Criticism of Massoud is not limited to political enemies who fought against him during the civil war between 1992 and 1995.
Haroon, a 32-year-old ethnic Pashtun, is a lifelong resident of the western Kabul neighbourhood of Karteh Seh. He said Massoud’s forces targeted the area with constant fire. “For five years, anything that moved would be shot at,” said Haroon, who like many Afghans also goes by one name.
Two men who knew Massoud well remembered a conversation he had with his rival Hekmatyar, prior to the battle over Kabul.
Abdullah Abdullah, the former foreign minister and Massoud ally, recalled to Al Jazeera the 10-minute conversation in which Massoud, “begs Hekmatyar not to send troops into Kabul, to instead find a political solution”.
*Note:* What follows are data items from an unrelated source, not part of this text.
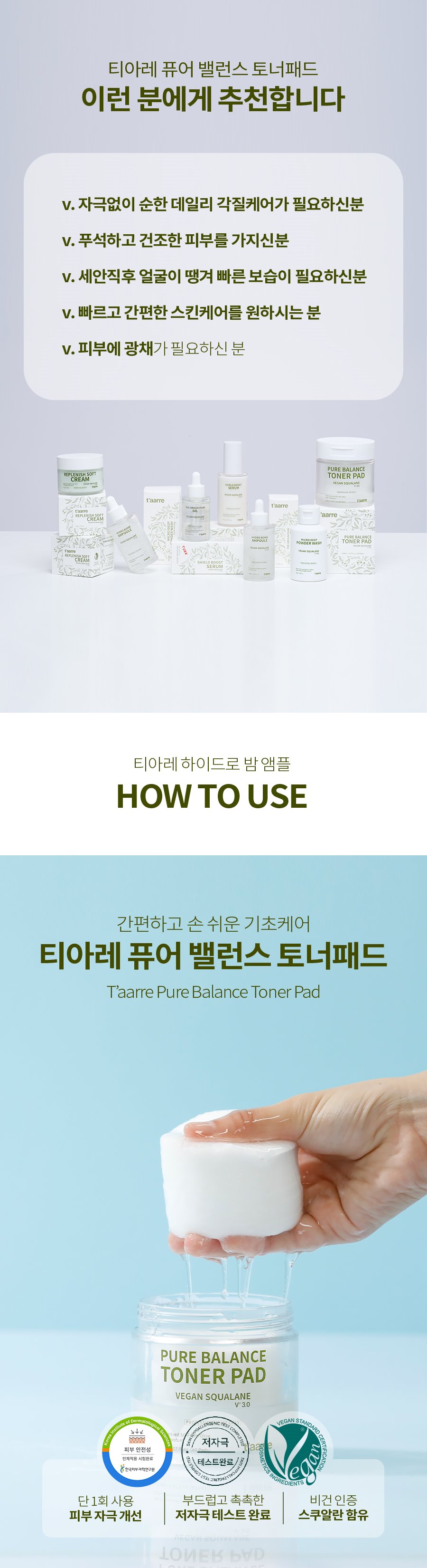 -티아레 퓨어 밸런스 토너 패드는 순면 100%의 패드로 부드럽고 간편하게 피부결 정리를 도와주고, 피부 표면에 윤활제로 작용하여 매끄러운 피부로 가꾸어 줍니다.
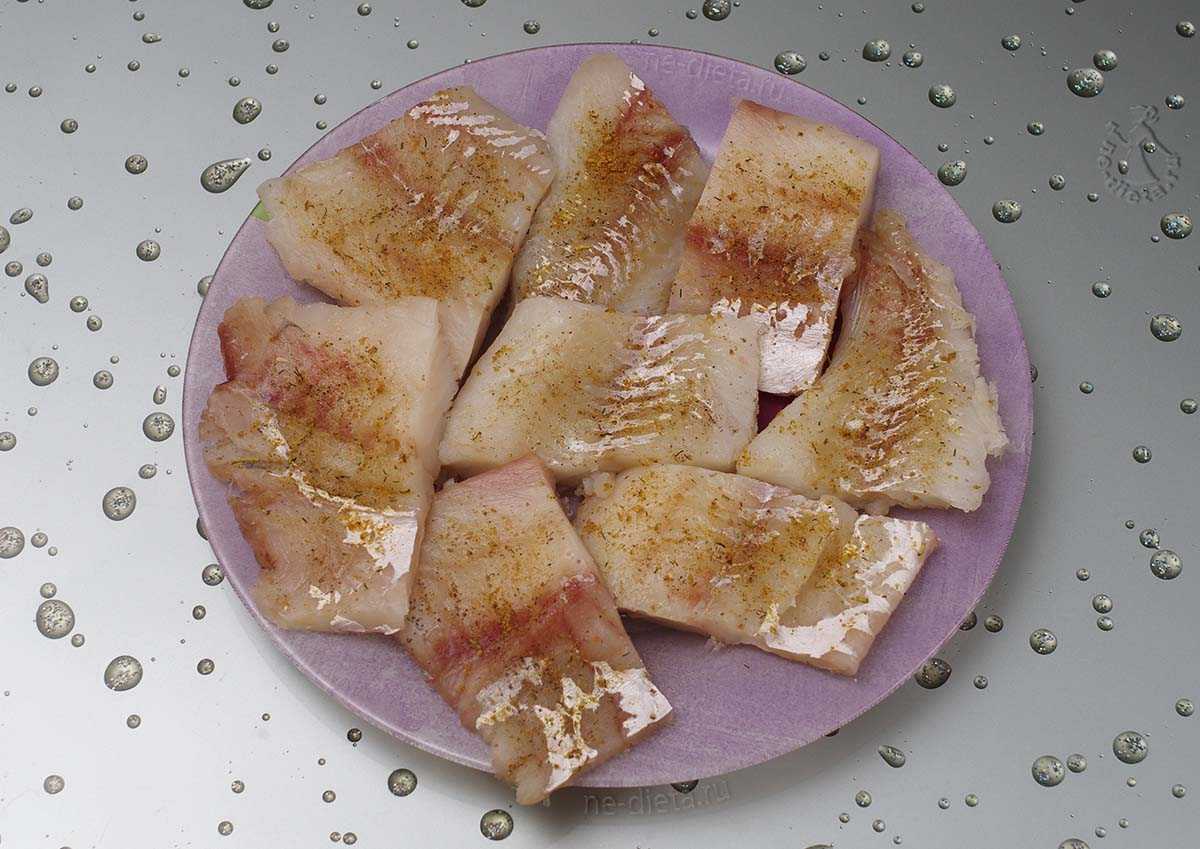 Рыбное филе вымыть и обсушить на бумажных полотенцах. Нарезать филе достаточно крупными ломтиками и натереть с двух сторон солью и специями.
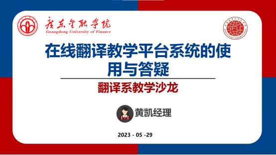 2023年5月29日晚,翻译系举行线上教学沙龙,特邀成都优译信息技术股份有限公司的产品顾问黄凯经理,系统全面介绍在线翻译教学平台系统的使用,包括如何利用平台进行翻译应用、课程教学、建立平行语料库以及实现无纸化考翻译系主任邓薇主持,外试等等,进行了平台演示,并就老师们的相关问题进行答疑。外文学院近20名教师参加。
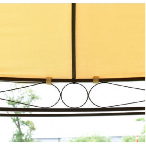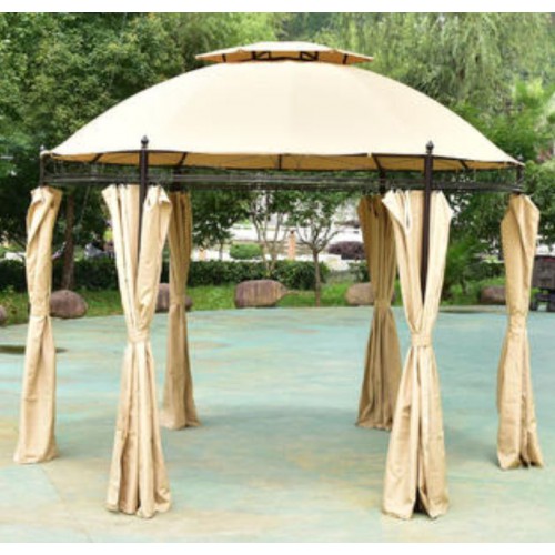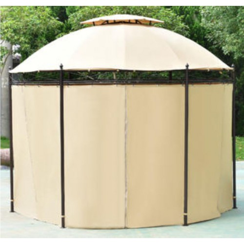У нас вы можете приобрести круглую крышу, предназначенную для павильона, такая крыша имеет двойной вверх. У неё бежевый цвет, а также диаметр 3,5 метра. Также вы можете выбрать и другие цвета на выбор, например молочный, бежевый, цвет кофе с молоком, зелёный, а также коричневый. Изготовлена данная крыша из такого материала, как Оксфорд, а весит эта крыша всего 4 кг. Такая элегантная шестиугольная беседка будет смотреться очень дорого и очень стильно. Она состоит из шести опор, есть вентилируемая крыша, предназначенная для того, чтобы через неё лучше проходил воздух. Боковые стенки могут спасти вас от ветра и дождя.
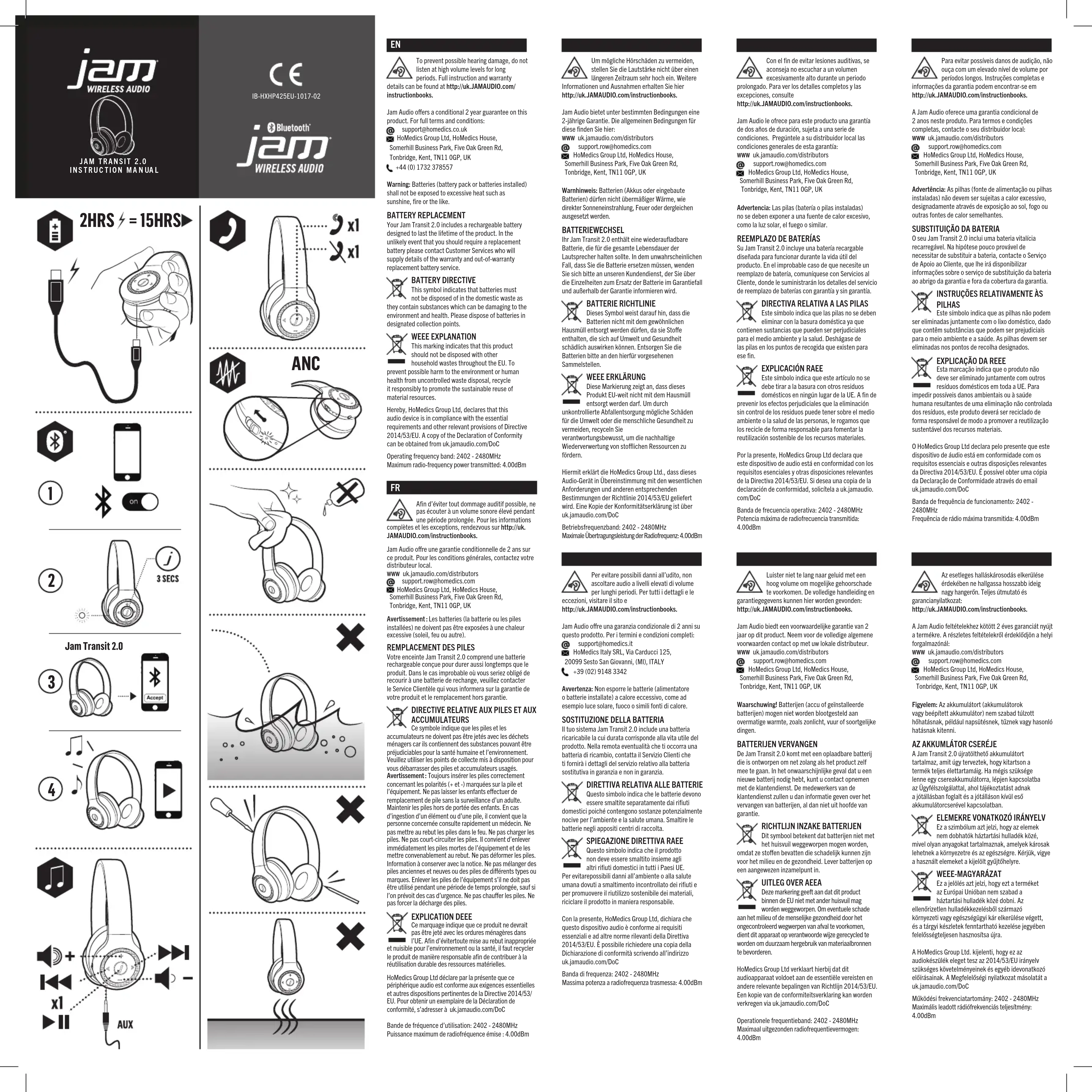 ACCUMULATEURS Ce symbole indique que les piles et les accumulateurs ne doivent pas être jetés avec les déchets ménagers car ils contiennent des substances pouvant être préjudiciables pour la santé humaine et l’environnement. Veuillez utiliser les points de collecte mis à disposition pour vous débarrasser des piles et accumulateurs usagés.Avertissement : Toujours insérer les piles correctement concernant les polarités (+ et -) marquées sur la pile et l’équipement. Ne pas laisser les enfants eectuer de remplacement de pile sans la surveillance d’un adulte. Maintenir les piles hors de portée des enfants. En cas d’ingestion d’un élément ou d’une pile, il convient que la personne concernée consulte rapidement un médecin. Ne pas mettre au rebut les piles dans le feu. Ne pas charger les piles. Ne pas court-circuiter les piles. Il convient d’enlever immédiatement les piles mortes de l’équipement et de les mettre convenablement au rebut. Ne pas déformer les piles. Information à conserver avec la notice. Ne pas mélanger des piles anciennes et neuves ou des piles de diérents types ou marques. Enlever les piles de l’équipement s’il ne doit pas être utilisé pendant une période de temps prolongée, sauf si l’on prévoit des cas d’urgence. Ne pas chauer les piles. Ne pas forcer la décharge des piles. EXPLICATION DEEE Ce marquage indique que ce produit ne devrait pas être jeté avec les ordures ménagères dans l’UE. Afin d’évitertoute mise au rebut inappropriée et nuisible pour l’environnement ou la santé, il faut recycler le produit de manière responsable afin de contribuer à la réutilisation durable des ressources matérielles.HoMedics Group Ltd déclare par la présente que ce périphérique audio est conforme aux exigences essentielles et autres dispositions pertinentes de la Directive 2014/53/EU. Pour obtenir un exemplaire de la Déclaration de conformité, s’adresser à uk.jamaudio.com/DoCBande de fréquence d’utilisation: 2402 - 2480MHzPuissance maximum de radiofréquence émise : 4.00dBm

But, Hekmatyar “insisted on entering Kabul”, said Fahim Dashty, an Afghan journalist, politician and analyst.
Dashty was in the room in 2001 when the two Arabs pretending to be journalists detonated their camera and killed Massoud. He suffered burns to two-thirds of his body.
Different than the others
Massoud was not an ordinary Afghan guerrilla. He spoke fluent French and – in between coordinating attacks against the Red Army – was known to recite poetry and play football with his fighters.
To his supporters, Massoud was a humble and astute leader who devoted 30 of his 48 years to defending Afghanistan.
But some question why Massoud is glorified, and other mujahidin who helped oust the Soviets are not.
“Did you see television today? It’s all about him,” said a former high-ranking official who asked not to be identified. “What did he do that we didn’t? It wasn’t just him. Who here isn’t a martyr in some way?”
But Abdullah said Massoud’s character was different from other guerrilla leaders.
A medical doctor by trade, Abdullah said he often heard stories of Massoud while working at a refugee hospital in the Pakistani border city of Peshawar in 1983. Massoud quickly gained a reputation for selflessness among refugees and mujahidin alike, he said.
“He is a hero who led a clear struggle for the values of the people,” said Abdullah. “Even more than billboards here and there, he is in the hearts of people.”